Pathways, Inc. v. Dunne

JON 0. NEWMAN, Circuit Judge.

This case involves federal court abstention issues arising in the context of multiple state court lawsuits concerning attempts to operate a home for the mentally ill in Greenwich, Connecticut. The pending federal lawsuit was brought by the operator of the home to end public and private opposition to the home. Pathways, Inc., (“Pathways”) appeals from two rulings entered on September 28, 2001, by the United States District Court for the District of Connecticut (Christopher F. Droney, District Judge). The first ruling dismissed Pathways’ claims for declaratory and injunctive relief and stayed Pathways’ claims for monetary relief. Pathways, Inc. v. Dunne, 172 F.Supp.2d 357, 366 (D.Conn.2001). The second ruling (unreported) denied Pathways’ motion for a preliminary injunction. Developments in the state court cases occurring after the District Court ruled have eliminated part of the controversy and narrowed the issues before us. We conclude that, as against the public defendants, Pathways’ claims are moot and, as against the private defendants, Pathways’ claims for injunctive and declaratory relief no longer present the concerns that led the District Court to dismiss them. We therefore affirm in part, vacate in part, and remand to the District Court for further proceedings.

Background

Parties. Pathways is a Connecticut nonprofit corporation that operates three residential facilities in Greenwich for persons with psychiatric disabilities. The private defendants are the Brookridge District Association (“Brookridge”), an unincorporat*111ed association of homeowners within a specified area of Greenwich, and several members of Brookridge (“Brookridge Members”), collectively referred to as “the Brookridge Defendants.” The public defendants are the Town of Greenwich (“Town”), its Planning and Zoning Commission (“Zoning Commission”), and officials of the Town and/or the Zoning Commission, collectively referred to as “the Greenwich Defendants.”

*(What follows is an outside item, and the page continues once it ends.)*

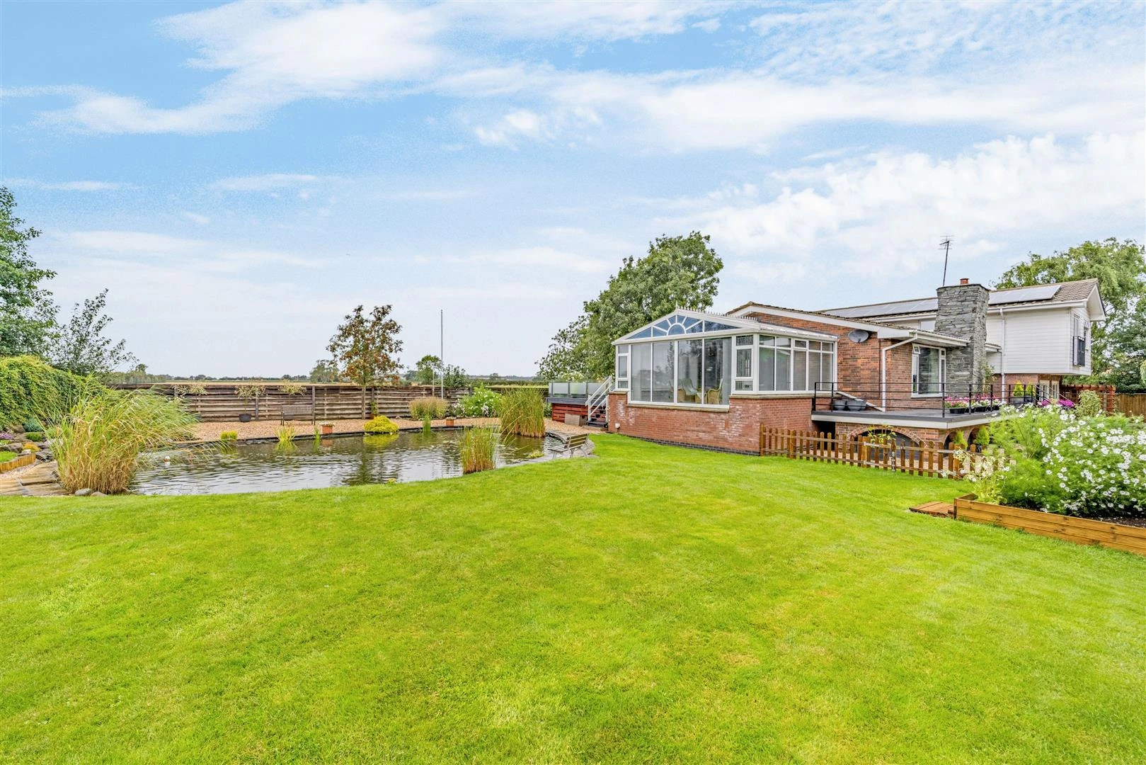 Sweeping lawns and attractive pond

State Court Litigation. This controversy arises from a zoning dispute that began in 1997, when Pathways informed residents of Brookridge that it intended to purchase and develop a plot of land (“the property”) within Brookridge for use as a residence for sixteen psychiatrically disabled persons. The Brookridge Members allegedly responded by launching a letter-writing campaign intended to dissuade Pathways from its plan.

Litigation in Connecticut state courts ensued. Three state court cases are relevant to the pending appeal. We will refer to them as “the Restrictive Covenant Suit,” “the Zoning Appeal Suit,” and “the Stipulation Suit.”

The Restrictive Covenant Suit. In December 1997, Brookridge initiated suit in the Connecticut Superior Court to enjoin the sale of the property to Pathways and Pathways’ proposed use of it. Brookridge alleged that the property was subject to a restrictive covenant precluding Pathways’ intended use of the land. Pathways took the position that no such covenant existed and that any such covenant would have expired by operation of law.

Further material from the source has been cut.